[Start of Attachment]

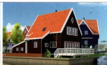
13 watergebonden woningen, 12 dijkwoningen en 8 rijwoningen Grafhorst
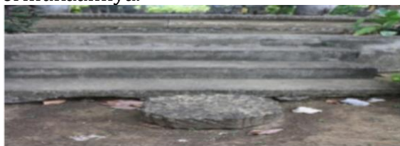
Foto 8. Tampak Tangga dengan Batu Bulat pada bagian bawah tangga Kompleks Makam Raja Jalil

satu anak tangga, terdapat sebuah batu berbentuk bulat dengan ornamen garis di permukaannya.
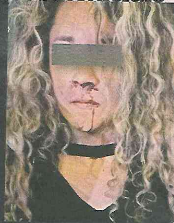
ROSTRO CUBIERTO POR LA AUTORIDAD

La detenida fue trasladada al Ministerio Público, donde se definirá su situación jurídica.
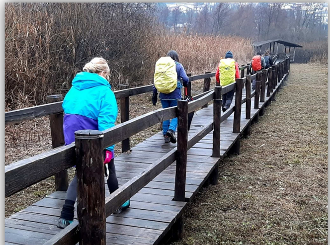
Passerella che collega le due sponde del lago

Ritrovo: ore 7:00 via Sottocorna ( presepe)
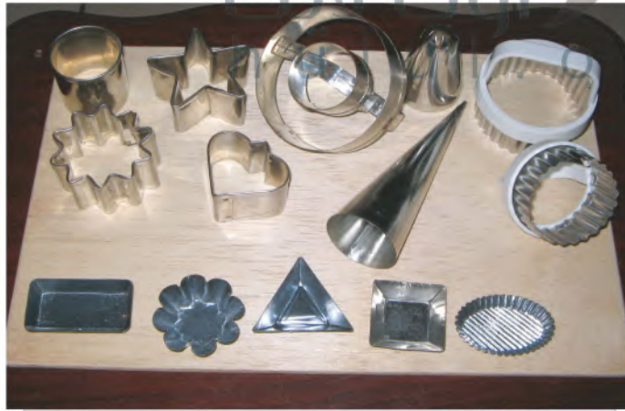
الشكل (٧٢): لنجرب استخدام قوالب الحلوى في التشكيل.

إذا لم تتوفر لدينا قوالب القطع المخصصة للطين الصلصال؛ ففي المنزل يوجد العديد من العناصر يمكننا الاستفادة منها في صنع أشكالاً متنوعة من الطين، كما في الشكل (٧٢).
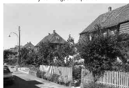
50 Werksiedlung Tobler, 1922
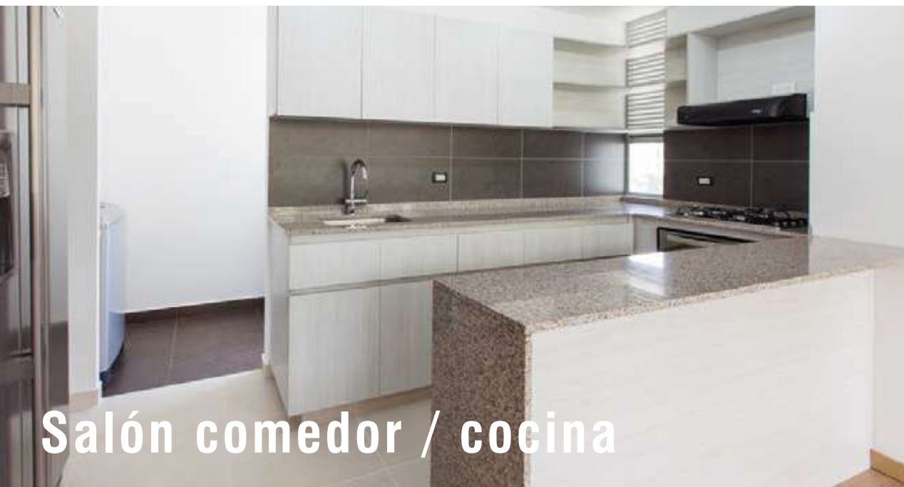
Salón comedor / cocina

Apartamentos de 3 alcobas y 3 alcobas + estudio
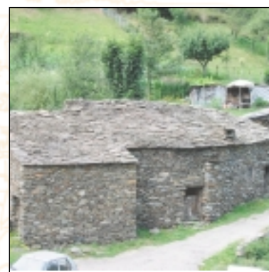
Granges à Auzat
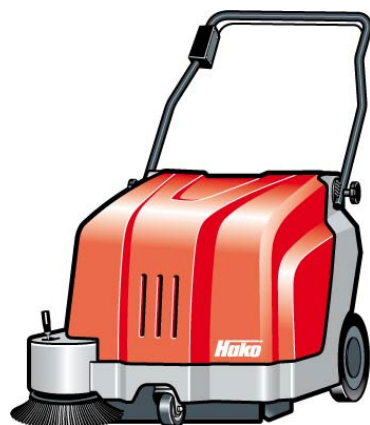
Hako-Hamster 500 E

Capacità di pulizia: fino a 2.400 m 2 /h
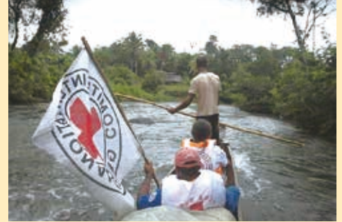
■ + 紅十字特殊標誌神聖不可侵犯

的庫克群島。ICRC是日內瓦公約的草擬者、推動者、執行者及監護者，一直在戰爭或武裝衝突中，與各國紅十字會或紅新月會共同執行人道任務。ICRC在1917年、1944年獲頒諾貝爾和平獎，以表彰其在第一次世界大戰、第二次世界大戰及國際紅十字與紅新月運動百年的貢獻。1919年各國紅十字會及紅新月會共同組成IFRC，在發生重大天然災害的時候，IFRC與各國國家紅十字會或紅新月會共同執行救災復原重建的工作；平時則從事強化醫療、公衛、防備災及社區耐受力的培訓。1963年IFRC與ICRC共同獲得諾貝爾和平獎。196個日內瓦公約締約國政府、ICRC、IFRC及各國國家紅十字會及紅新月會並共同制定國際紅十字與紅新月運動章程，規定國際紅十字與紅新月運動七大基本原則(人道、公正、中立、獨立、志願服務、統一及普遍)及相關的組織架構及運作，聲明國家紅十字會是獨立自主的全國性團體，與政府一起救助日內瓦公約規定的武裝衝突受難者、自然災害的災民等，協助政府致力於傳播國際人道法(以日內瓦公約為核心)，確保國際人道法得到尊重，並共同保護「+」紅十字特殊標誌。
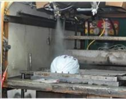
3. PC blister tooling
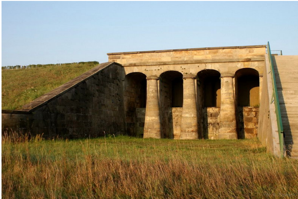
Fot. 4 Zabytkowy przelew wodny z 1840 r.

Kolejnym cennym zabytkiem są pozostałości układu wodnego, w skład którego wchodzi tama oraz przepust uznany za zabytek budownictwa przemysłowego oraz wpisany do rejestru zabytków woj. Kieleckiego dnia 15.06.1967 r. Zabytkowy przelew z uwagi na jego duże znaczenie znalazł się w herbie gminy Brody.
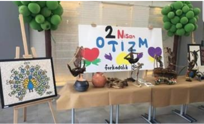
Farkındalık sergisi düzenlenerek el ürünleri sergilendi
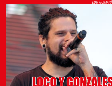
LOGO Y GONZALES
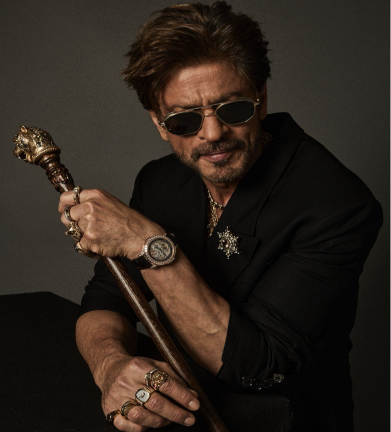
షారుఖ్ ఖాన్ ఇటీవల ఒక సినీమా షూటింగ్ లో గాయపడి ప్రస్తుతం రెస్ట్ తీసుకుంటున్న విషయం తెలిసిందే. కొన్నిరోజులుగా షూటింగ్ లేకా ఇంట్లో ఫ్యామిలీతో గడుపుతున్న షారుఖ్ తాజాగా అభిమానులతో ముచ్చటించడానికి ఎక్స్ వేడిగా ఆన్లైన్ షారుఖ్ అనే లైవ్ సెషన్ పెట్టాడు. ఇందులో షారుఖ్ అభిమానులు అడిగిన ప్రశ్నలకు సమాధానం చెప్పడంతో పాటు తన అవకాశాన్ని ప్రాజెక్టులకు సంబంధించి అప్డేట్లను పంచుకున్నాడు. ఈ సెషన్ లో ఒక అభిమాని అడుగుతూ.. షారుఖ్ సర్ మీరు జ్యోతిష్ పుస్తకం చూశారా? అని అడుగుతాడు. దీనికి షారుఖ్ బదులిస్తూ.. మీకు రేపు మంచి రోజు అని చెప్పినంత వరకు సమ్మతాను. మీకు చాలా డబ్బు వస్తుంది చెప్పినంత వరకు సమ్మతాను. అంటూ షారుఖ్ నవ్వులు పూయించాడు. మరో అభిమాని షారుఖ్ ని అడుగుతూ.. మీ తదుపరి చిత్రం ఏంటి అని అడుగగా.. కేవలం కింగ్ సినీమా మాత్రమే. మిగిలినా? అంటూ బదులిచ్చాడు.

బాలీవుడ్ బాద్ షా షారుఖ్ ఖాన్ ఇటీవల కింగ్ సినీమా షూటింగ్ లో గాయపడి ప్రస్తుతం రెస్ట్ తీసుకుంటున్న విషయం తెలిసిందే. కొన్నిరోజులుగా షూటింగ్ లేకా ఇంట్లో ఫ్యామిలీతో గడుపుతున్న షారుఖ్ తాజాగా అభిమానులతో ముచ్చటించడానికి ఎక్స్ వేడిగా ఆన్లైన్ షారుఖ్ అనే లైవ్ సెషన్ పెట్టాడు. ఇందులో షారుఖ్ అభిమానులు అడిగిన ప్రశ్నలకు సమాధానం చెప్పడంతో పాటు తన అవకాశాన్ని ప్రాజెక్టులకు సంబంధించి అప్డేట్లను పంచుకున్నాడు. ఒక అభిమాని షారుఖ్ ని అడుగుతూ.. సర్ మీ కొడుకు ఆర్కే ని హీరోగా ఎప్పుడు లాంచ్ చేస్తారు? అతడిని సూపర్ హీరోగా చూడాలని ఉంది అంటూ అడుగగా.. షారుఖ్ సమాధానమిస్తూ.. అతడు దర్శకుడు అవ్వాలి అనుకుంటున్నాడు. 'బాస్టర్డ్ ఆఫ్ బాలీవుడ్' తో అతడు దర్శకుడిగా ప్రేక్షకుల ముందుకు రాబోతున్నాడు. ఆర్కే ని దర్శకుడిగా చూసినప్పుడు మీ ప్రేమను పంచండి.. ఇప్పుడే నా ఇంట్లో కాంపీటీషన్ అవసరం లేదు అంటూ షారుఖ్ నవ్వులు పూయించాడు. మరో అభిమాని అడుగుతూ.. జిమ్ లో గాయపడటం మిమ్మల్ని ఎక్కువ బాధ పెడుతుందా లేక ట్విట్టర్ లో ట్రోల్స్ చదవడం ఎక్కువ బాధ పెడుతుందా? అంటూ అడుగగా.. షారుఖ్ సమాధానమిస్తూ.. దంబెల్స్, యాక్సెస్ నా ఎముకలు విరగొట్టగలవు 75% కానీ విమర్శలు నన్ను బాధపెట్టలేవు. ఎందుకంటే నేను నా మనసులోని సంగీతాన్ని వివసంలో చాలా బిజీగా ఉన్నాను. అంటూ షారుఖ్ తెలిపాడు. ఇటీవల నేషనల్ అవార్డు రావడంపై మీ ఫీలింగ్ ఎలా ఉందని మరో అభిమాని అడుగగా.. షారుఖ్ సమాధానమిస్తూ.. నాకు చాలా ఆనందంగా ఉంది. నేను ఈ దేశానికి రాజులా భావిస్తున్నాను. అవార్డు వచ్చాక అంతో గౌరవం పెరిగింది, అలాగే మరింత కష్టపడి, రాజీంచాలనే బాధ్యత కూడా పెరిగిందంటూ షారుఖ్ చెప్పుకోవచ్చు. బాలీవుడ్ ఆగ్ర నటుడు
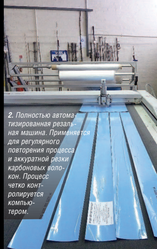
2. Полностью автоматизированная резальная машина. Применяется для регулярного повторения процесса и аккуратной резки карбоновых волокон. Процесс четко контролируется компьютером.

Тестовая кривая – универсальная характеристика изгиба удильца. Однако следует учитывать и строй удильца. Номинальная тестовая кривая, к примеру, 3,25 lb (примерно 1,5 кг) означает, что когда на удильце действует масса, равная 3,25 lb, оно изогнется под углом 90° к горизонтальной плоскости. Но эта характеристика не учитывает другие факторы, которые

[End of Attachment]

Leaving each picture behind, please give again exactly the lines above from the one with "Kolejnym cennym zabytkiem" through the one with "LOGO Y GONZALES", both included, and no others.

- **EXERCISE OUTPUT**:
Kolejnym cennym zabytkiem są pozostałości układu wodnego, w skład którego wchodzi tama oraz przepust uznany za zabytek budownictwa przemysłowego oraz wpisany do rejestru zabytków woj. Kieleckiego dnia 15.06.1967 r. Zabytkowy przelew z uwagi na jego duże znaczenie znalazł się w herbie gminy Brody.
Farkındalık sergisi düzenlenerek el ürünleri sergilendi
LOGO Y GONZALES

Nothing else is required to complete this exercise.